Ah, ok, so you want a PDF-like single file but in HTML in a way that's more efficient/scalable than the built-in singlehtml builder. Ok fair enough.

For my use cases, the default multi-file HTML builds are ok, and I just pound out a latex-builder generated PDF for the archives.

link

markdoubleyou 879 days ago

You're getting close to making your own CHM format, which Sphinx could make for you.

I always thought CHM files were a nice self-contained option for multi-page HTML docs. (Though they'd happily execute whatever JavaScript the author embedded in there... Maybe that's why they fell out favor?)

link

mr_mitm 879 days ago

It would be great if there was an open CHM-like format that was supported by all major browsers.
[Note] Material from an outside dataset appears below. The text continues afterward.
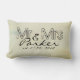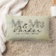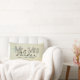 A custom pillow Mr and Mrs has personalised text to add your own name and date on vintage style background in ecru for wedding gift or unique home decor.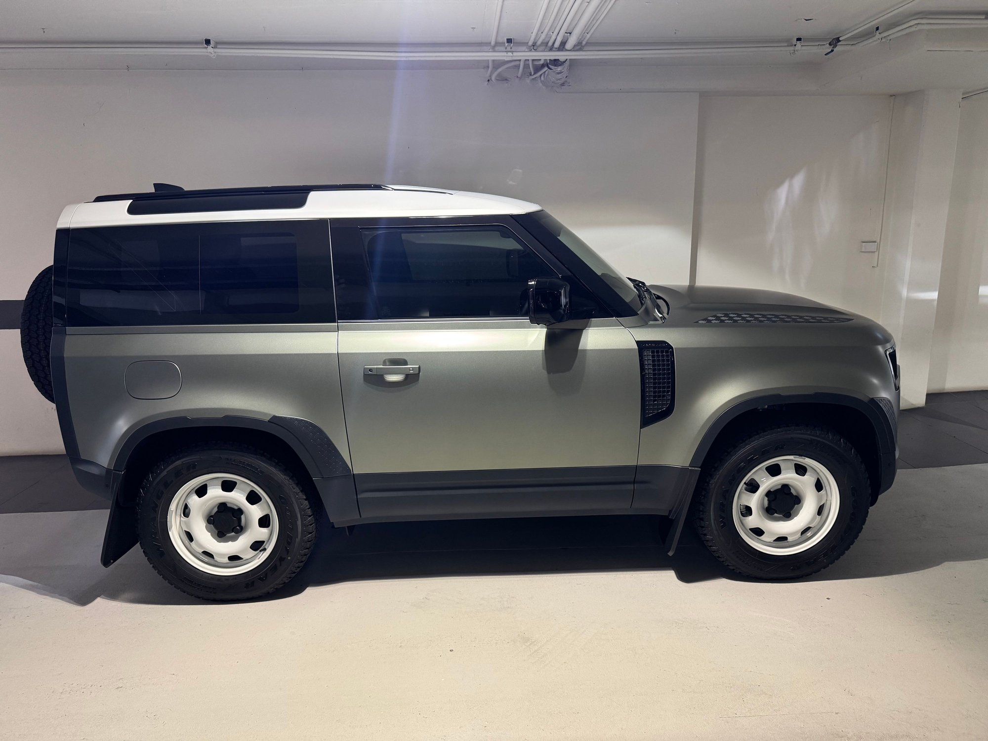 Pangea Green with stock white roof + white steelies and exposed tow eyes.

The nice thing about browsers is that everyone already got one installed. They can even open PDFs natively these days. Sadly, they cannot even open epubs (which is almost like CHM without interactivity). I believe firefox used to be able to open epubs, not sure what happened.

link

WorldMaker 879 days ago

The "Portable EPUBS" discussion happening nearby is on this subject, too.
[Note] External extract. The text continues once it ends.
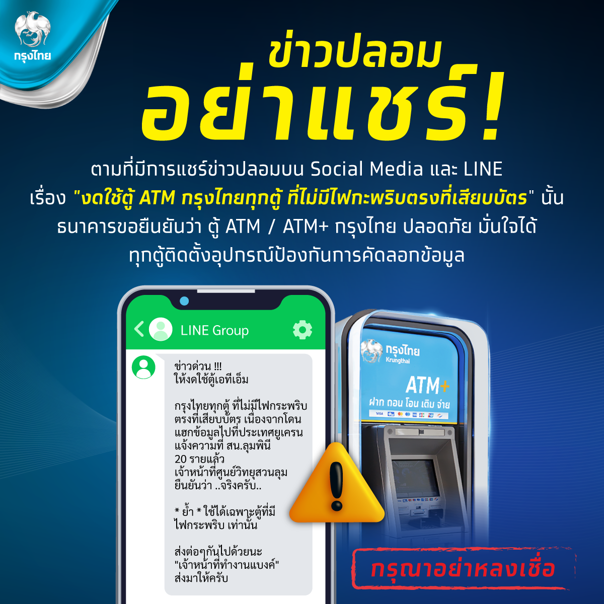 ตามที่มีการแชร์ข่าวปลอมใน Social Media เรื่องขอให้ "งดใช้ตู้ ATM กรุงไทยทุกตู้ ที่ไม่มีไฟกะพริบตรงที่เสียบบัตร" นั้น ธนาคารขอยืนยันว่า ตู้ ATM / ATM+ กรุงไทย ปลอดภัย มั่นใจได้ ทุกตู้ติดตั้งอุปกรณ์ป้องกันการคัดลอกข้อมูล

https://news.ycombinator.com/item?id=39138042

link

jhoechtl 879 days ago

Edge could. MS cut it out long before the move to the chrome rendering engine.

link

WorldMaker 879 days ago

Edge supported epub until the bitter end of the Spartan renderer. It was only Microsoft's attempt at an ebook store that died long before that. Admittedly, most people's visibility into Edge epub support was through the Store and the sidebar dedicated to store purchases, but if you had no other book reader app take over the .epub file extension (or if you realized that you could drag and drop DRM-free .epub files into new tabs) Edge would still read them right up to the Chromium switch.

link

Shorel 879 days ago

And it was probably the best EPUB reader available on Windows.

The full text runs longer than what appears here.